The sluggishness in the crypto market was due in part to global regulatory crackdown, according to analysts

Bitcoin investment products and funds registered outflows for a fifth week in a row, as investors remained cautious amid increased global regulatory scrutiny, data from digital asset manager CoinShares showed on Monday.

Outflows from the world’s most popular crypto currency totalled $33 million in the week ended Aug. 6, compared with $19.7 million the previous week. But bitcoin inflows remained a robust $4.2 billion so far this year.

Meanwhile, total crypto outflows added up to nearly $26 million, although CoinShares noted that the magnitude of outflows was much less than in May and June.

Analysts say that the sluggishness in the crypto market was due in part to global regulatory crackdown.

There’s all this focus on crypto because with all the new financial products and innovative solutions, governments, which are here to protect investors, are going to wonder whether this is a good idea and so, they’re going to look more into these, said Matthijs de Vries, chief technology officer at infrastructure provider AllianceBlock.

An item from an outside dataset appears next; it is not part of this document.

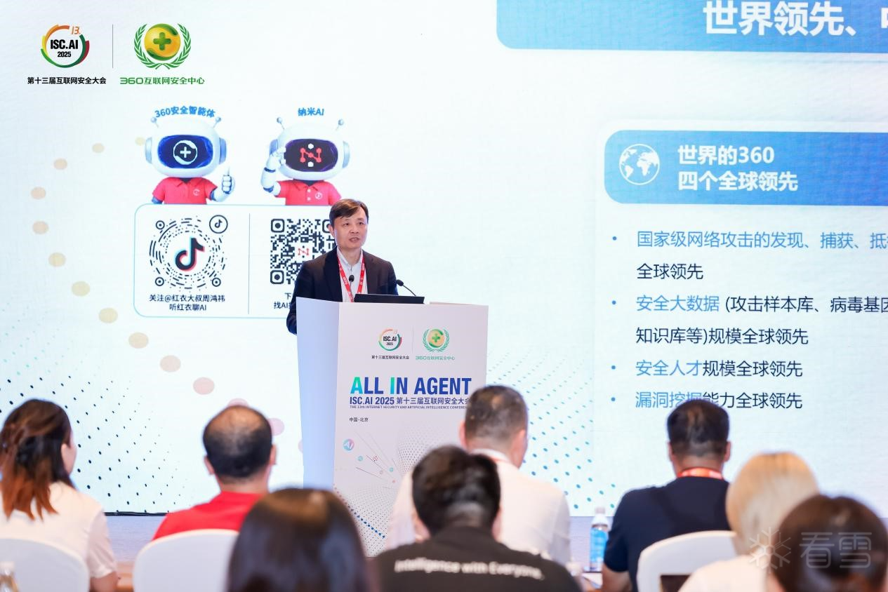 在开场致辞环节中,360集团首席运营官叶健表示,数字安全领域的对抗形态正经历深刻演变:从最初的人与人的对抗,逐步升级为组织间对抗,进而发展为国家级对抗,而未来必将演变为AI与AI、智能体与智能体之间的技术博弈。他强调,360始终将实战能力置于首位,依托全球超过15亿终端用户和200万家企业客户的深厚积累,不仅提供安全服务,更通过AI工具赋能企业数字化转型。这一庞大的用户基础与实战经验,为生态合作伙伴构建了坚实的客户资源和场景验证平台。

On Monday, bitcoin hit an 11-week high above $46,000. Bitcoin has gained 46% against the dollar since mid-July.

Data also showed that ether, the token used in the Ethereum blockchain, also saw outflows of $2.8 million compared with a nearly $9-million outflow the previous week.

Ethereum, the second-largest blockchain network, went through a major software upgrade last Thursday, which is expected to stabilize transaction fees and reduce supply of the ether token.

Ether’s supply is being reduced through “burning,” in which tokens are sent to specialized addresses that have unobtainable private keys. Without access to a private key, no one can use the tokens, putting them outside the circulating supply.